As I am going to need to manage the certs for 800+ domain names in the system, I will likely save the cert issued date in our MySQL db for each domain/website to simplify renewals while keeping good performance. (So I can just trigger off of an elapsed time from saved cert issued date.) I am anticipating that sometimes the ACME calls may lag a bit (not due to Crypt::LE), so I do not want to rely strictly on your library calls to the ACME API for triggering cert renewals at the right time.

As I am getting keys now, and I think I understand that part of your library module’s interface, I will work towards getting the challenges piece working next. I will likely be back here with some questions on that.

@leader:

Ok, a question related to the http challenge in Crypt::LE:

Is the folder /.well-known/acme-challenge supposed to be located off the server root or HTML root? (just want to make sure before I start making the token file)

Is there anyway to change the location of this folder?

HTML root for the appropriate vhost. This is where Let’s Encrypt servers will be looking for it. Having said that, it does not mean that it should physically exist as an actual filesystem path - you can proxy it to some other place for example.

Simply put - for the library (or provided client, or your script) it does not make any difference where those files are going to be put, as long as the request to your webserver from verification servers for /.well-known/acme-challenge/[token] sends the expected data back. Technically speaking, no one stops you from processing that specific path with some custom code (mod_perl handler or whatever) and fetch the content of those “verification files” from the database, memory cache or anything you like.

@leader: Ok, good point. I did not think about proxying the location.

@leader:

Ok, I am now able to successfully complete challenges and generate a cert. Great!

I have not tested the generated cert, but I will be doing that shortly.

A few questions as I look forward to roll my development code in a fully working scheme:

  1. Do I need to register both www.mydomain.org and domain.org variants on certs to ensure both are covered? Keep in mind I am a bit new w/ the HTTPS stuff.

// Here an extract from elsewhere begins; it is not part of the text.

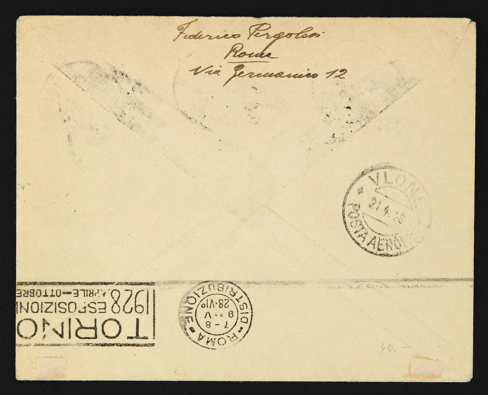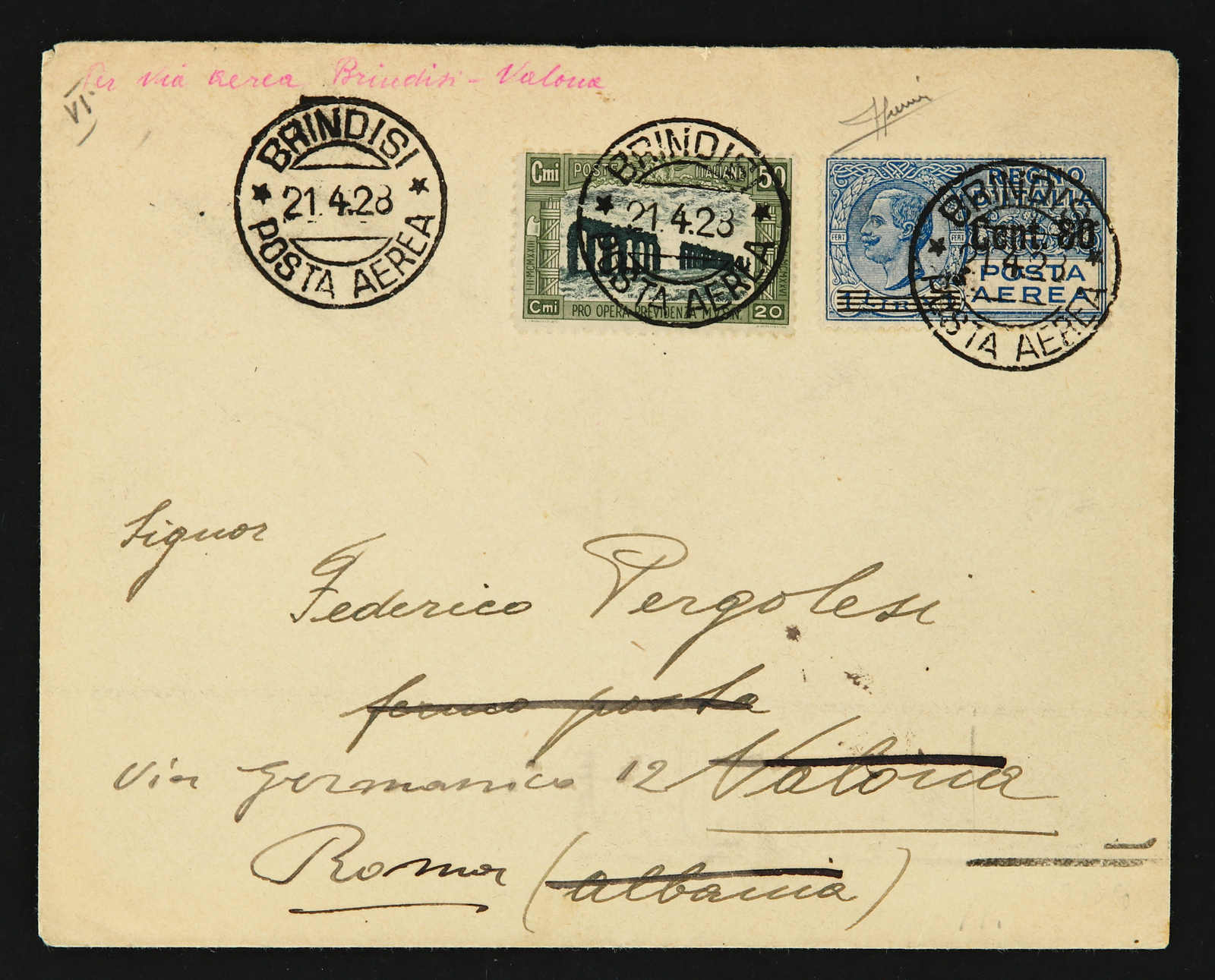 1928, Brindisi to Valona/Albania first fly cover dated 21.4.1928 then redirected to Rome (Image) (imagea)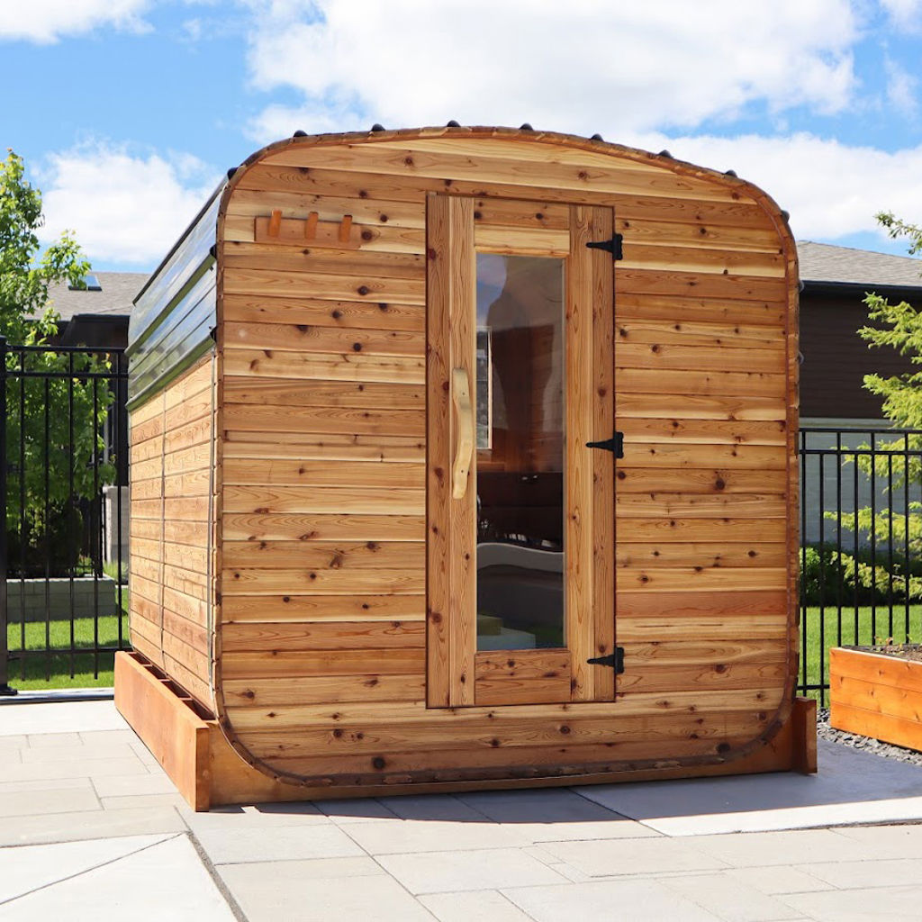Profitez d’un espace de détente chaleureux et authentique grâce à ce sauna cube conçu en cèdre rouge de l’Ouest canadien 100 % naturel. Reconnue pour sa durabilité, sa beauté naturelle et ses excellentes propriétés thermiques, cette essence de bois contribue à créer une atmosphère enveloppante et confortable, idéale pour vos moments de relaxation. La présence d’un vestiaire intégré ajoute une zone pratique pour se préparer, se changer ou déposer ses effets personnels avant et après chaque séance.

  2. I do not see any methods in your Perl module for checking time remaining on a cert or renewing the cert. Can you please advise if I am missing something?

  3. Do I only need to accept TOS when I register or renew? (or do I need to be constantly checking for a change in TOS?)

Thanks again for all your assistance!

Yes. You can include up to 100 domain names on one certificate if needed. Keep in mind that each will need to be verified.

There is such function in the client (see verify_crt_file for example), but not in the library indeed. I guess it might be a good idea to place that into the next version of the library, to make it easier to use. The renewal itself is effectively the same process as the initial issuance - you just trigger it when you see it's time to renew (for example with that code I mentioned above).

TOS may change and you will need to re-accept it. However, you can safely call accept_tos() - if there was no change, it will just return OK status. If you want to specifically check if there was a change, you can use tos_changed().

@leader:

Something I am noticing… It appears that if I load the csr key from a file, then load the csr from a file,
$le->csr_key() is blank.

This is intentional - you might only need to load "CSR key" if you are about to generate and sign a new CSR (by default the key will be generated for you along with the CSR itself). If you are loading a pre-made CSR though, that means it has already been signed with some key, not necessarily matching the one you might attempt to load separately. Considering that it is not possible to extract that key from CSR anyway, the key is reset to avoid the confusion (otherwise you might for example by mistake try to save that key and try using that with the certificate obtained with a CSR signed with a completely different key).

@leader:

I would suggest documenting this a bit better.